Vickers hardness and Three-point bending test was carried out using a composite materials with a relative density of 98%. Table 1 shows the results of vickers hardness of each composites. Vickers hardness of composite with reaction time of 300 s is 198.8 Hv, higher than that observed for other composites with a reaction time of 60 s and 600 s. The flexural strength of composite with a reaction time of 300 s is 239.5 MPa, higher than that observed for reaction time of 60 s and 600 s; these are because of the higher counts and fine intermetallic compounds inside the matrix. Figure 4 shows the different fracture surface of the intermetallic compound inside the matrix. In the case with no dispersion of the intermetallic compounds (Fig. 4(a)), non-reaction porous nickel was observed. It was observed non reaction nickel porous. Crack were propagated along the frame of porous nickel and ductile fracture was observed inside the matrix. In contrast, for the intermetallic-compound-reinforced composite with mostly fine microstructure, Fig. 4 (b), fracture along the frame of porous nickel was not observed. Brittle fracture inside the matrix was observed by small sized intermetallic compounds. However, large sized brittle fracture inside the matrix was observed also. When the reaction time of 600 s, more large sized brittle fracture was observed inside the matrix as compared to a reaction time of 300 s. This is the cause for the decrease in strength.

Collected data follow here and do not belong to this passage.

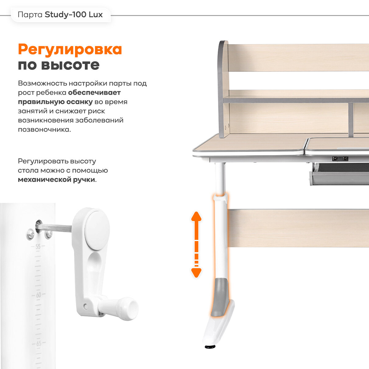 Растущая парта для школьника Rumbik Smart серая, детский деревянный письменный стол с регулировкой высоты
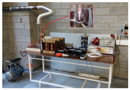 One of the types of plasma reactors is a reactor with arc discharge gliding along electrodes under the technological name GlidArc. Figure 2 presents the installation of a three-phase GlidArc plasma reactor tested in the Department’s laboratory. Reactors of this type are used mainly in the neutralisation of toxic gases, such as SOx and NOx or in other technologies [17,19,20,21,22,23,24,25,26,27,28]. The quasi-arc discharge created in them is a source of non-thermal plasma filling part of the discharge chamber space. The source of plasma and the method of energy supply to it is the forced flow of electric current in gas in the form of an electric arc [15,16,18].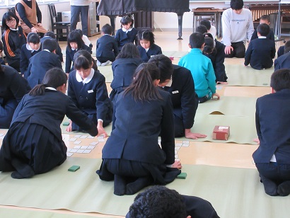 1月10日(木)午後,全校児童が参加して校内百人一首大会がおこなわれました。低学年も初めのうちはなかなか探せなかったけれど,自分の得意札が読まれると上の句のうちに元気よく「ハイ!」という声が会場に響きました。高学年は,始めから上の句対戦が多く,素早い動きで札をとりあう姿がみられました。どの児童も,1枚でも多くとろうと必死でがんばっていました。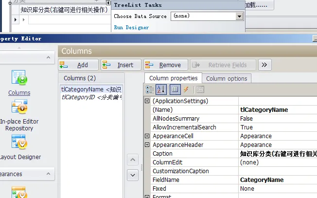 点击Run Designer,先添加两列,设置他们的FieldName,这样用来绑定数据;分类编号的Visible=false可以进行隐藏;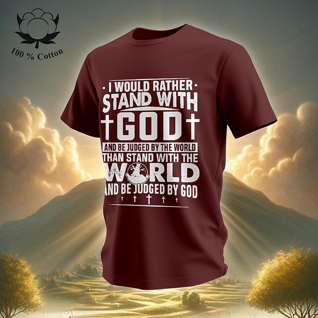 HOT ! Men's Graphic Tee: Christian Faith Statement 'Stand With God, Be Judged By God' 100% Cotton Short Sleeve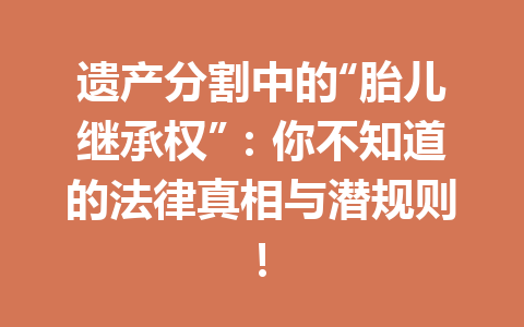 文章目录▼CloseOpen 颠覆性核心观点 关键论点一:法律对胎儿继承权的支持 关键论点二:遗…
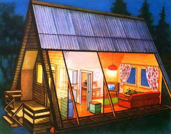 Строение в виде треугольника имеет популярность и в наше время, но для постоянного места проживания его практически не используют. По большей части эти симпатичные домики возводят на дачах, на берегу рек и в лесу для отдыха рыбаков и охотников.
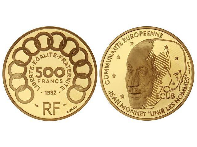 500 Francos-70 Ecus. 1992. AU. Monet. En estuche original, con certificado. KM-1013. PROOF.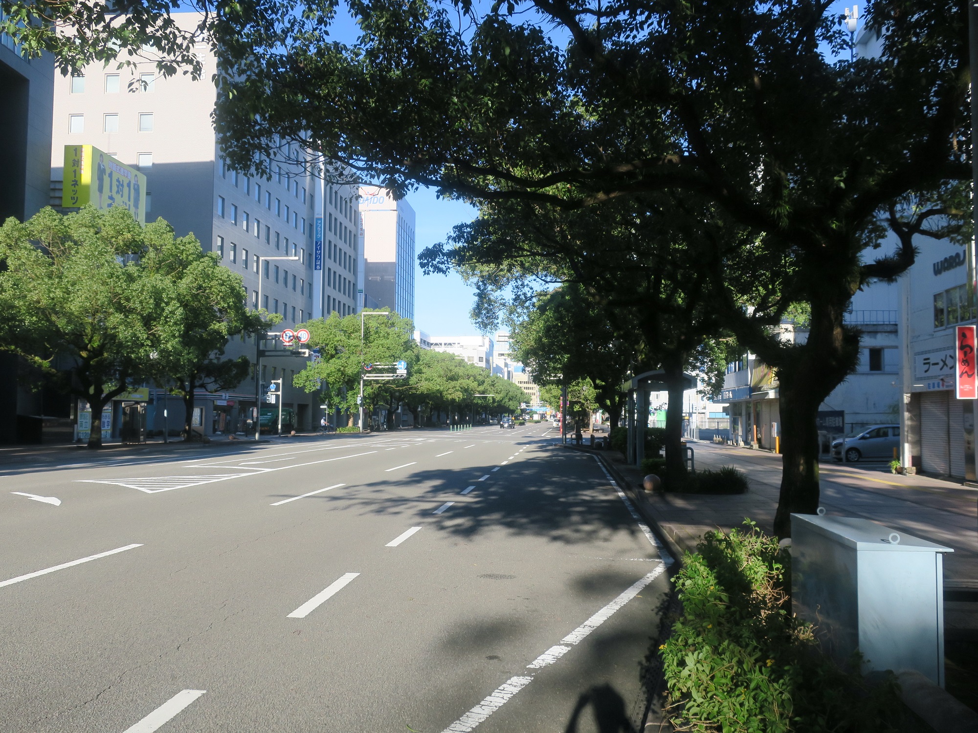 橘通りの繁華街のほぼ真ん中あたり、橘通り2丁目付近です。

| Fabrication conditions of composites | Vickers hardness [Hv] |
Three point bending strength σ[MPa] |
Thermal conductivity TC [W/mK] |
|---|---|---|---|
| Reaction time, t [s] | |||
| 60 | 126.4 | 203.8 | 82.5 |
| 300 | 198.8 | 239.5 | 112.5 |
| 600 | 159.1 | 198.6 | 110.1 |
Fracture surface of intermetallic-compound-reinforced composites; reaction time 60 s (a), 300 s (b) and 600 s (c).
One side of thin circular disc (ø 10 mm × thickness 1.0 mm) is irradiated by laser beam and the temperature is detected using thermocouple at the other side. The thermal conductivity is calculated as follows:
| \[\lambda = \alpha \cdot \rho \cdot {\rm Cp}\] | (1) |
| \[\alpha = 1.37 \cdot {\rm L}^2/(\pi^2 \cdot {\rm t}_{1/2})\] | (2) |
Fine Al3Ni intermetallic compounds were homogeneously dispersed inside the matrix for when the reaction time were 300 s, 600 s (applied pressure of 0.4 MPa, temperature of molten alloy, 973 K. The counts of the intermetallic compounds, Al3Ni, showed an increasing trend with decreasing reaction time (300 s) for the same area analysis. The average area of the Al3Ni intermetallic compound showed a decreasing trend with decreasing reaction time. The results indicate that a long reaction time is needed for large sized intermetallic compounds. The vickers hardness and flexural strength of the composite obtained at a reaction time of 300 s are 198.8 Hv and 239.5 MPa, higher than that obtained under the other fabrication conditions. The thermal conductivity of the intermetallic-compound-reinforced composite is 112.53 W/mK, which is higher than the thermal conductivity observed for the composites fabricated at a reaction time of 60 s and 600 s. However, the thermal conductivity of the composite was almost similar to that of the matrix, A366 alloy.
This work was supported by JSPS KAKENHI Grant Number15K05678.